Private credit and real assets-focused investment firm Neo Asset Management has achieved the first close of its second flagship private credit fund – the Neo Special Credit Opportunities Fund-II (NSCOF II) – at $232.8 million (Rs 2,000 crore), it said in a press release.
Launched three months ago, the fund aims to raise a total corpus of Rs 5,000 crore.
“Private credit in India faces a persistent demand-supply mismatch, and Neo is a contributor to bridging this gap by offering structured capital solutions to quality borrowers. With NSCOF-II, we aim to deepen our presence in this space and continue delivering stable, predictable cash flows and differentiated opportunities to our investors,” Hemant Daga, CEO, Neo Asset Management, said in the release.

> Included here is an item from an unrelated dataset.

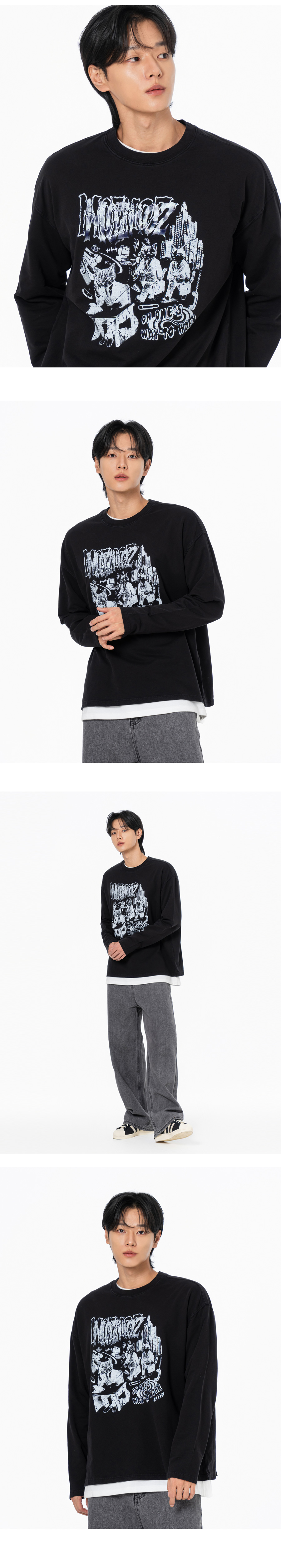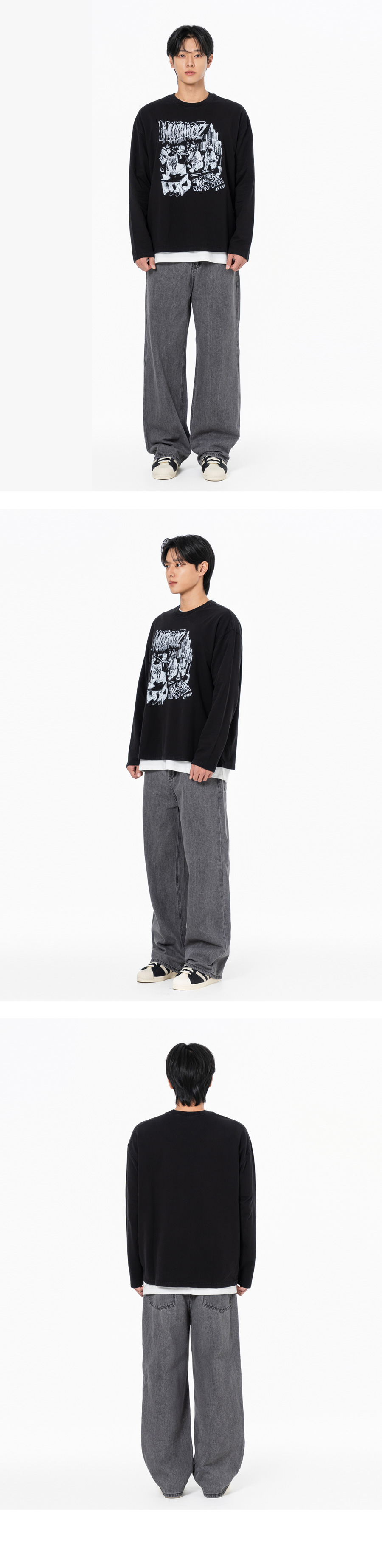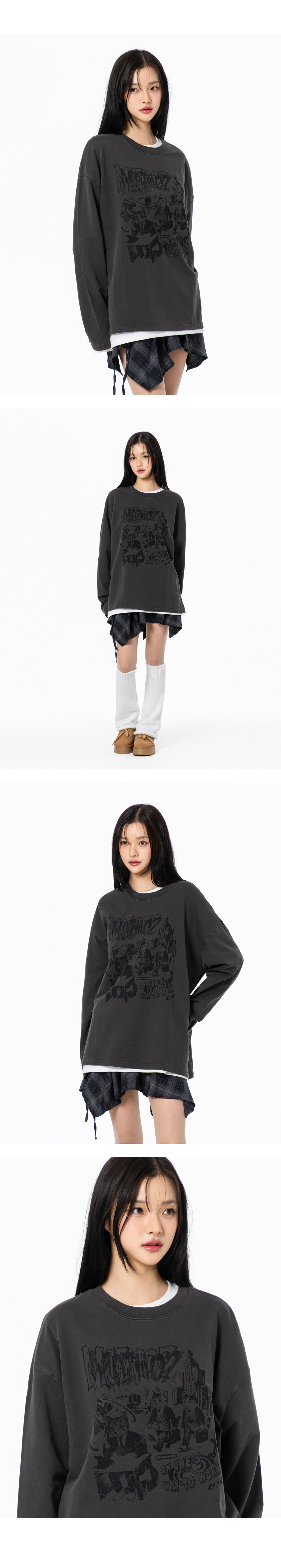 출근냥 그래픽 피그먼트 롱 슬리브 블랙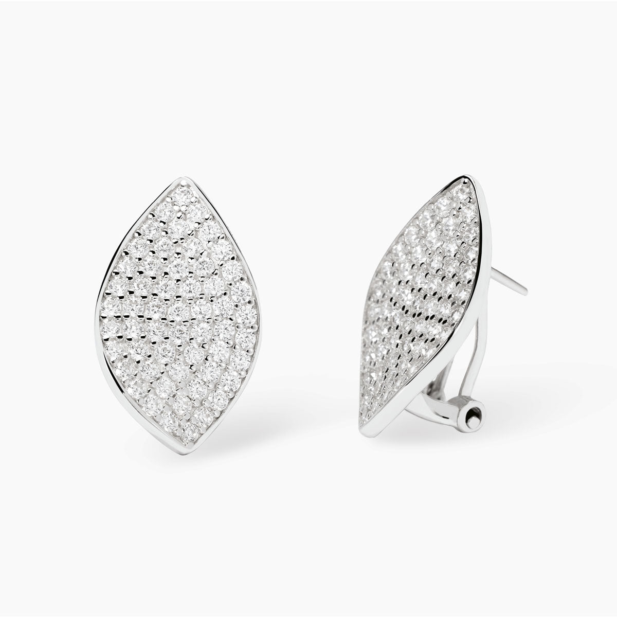 Orecchini in argento rodiato con foglia in pavè di zirconi bianchi.

Backed by family offices, ultra-high-net-worth individuals and institutional investors, NSCOF-II is a SEBI-registered Category II AIF seeking to provide credit solutions to EBITDA-positive companies. All investments are fully covered with at least 2-3 times hard asset collateral and bear regular coupons.
The firm plans to make 25-30 investments from Fund II, each ranging from Rs 150-300 crore.
Neo’s first private credit strategy, Neo Special Credit Opportunities Fund-I, closed in June last year at Rs 2,575 crore. It has fully deployed capital across 23 investments and has made 7 exits over the past 18 months.
Asset management company Neo Group is backed by Peak XV Partners, MUFG Bank, and Euclidean Capital. Its India-focused asset management arm Neo Asset Management has over Rs 10000 crore in AUM, investing across various asset classes.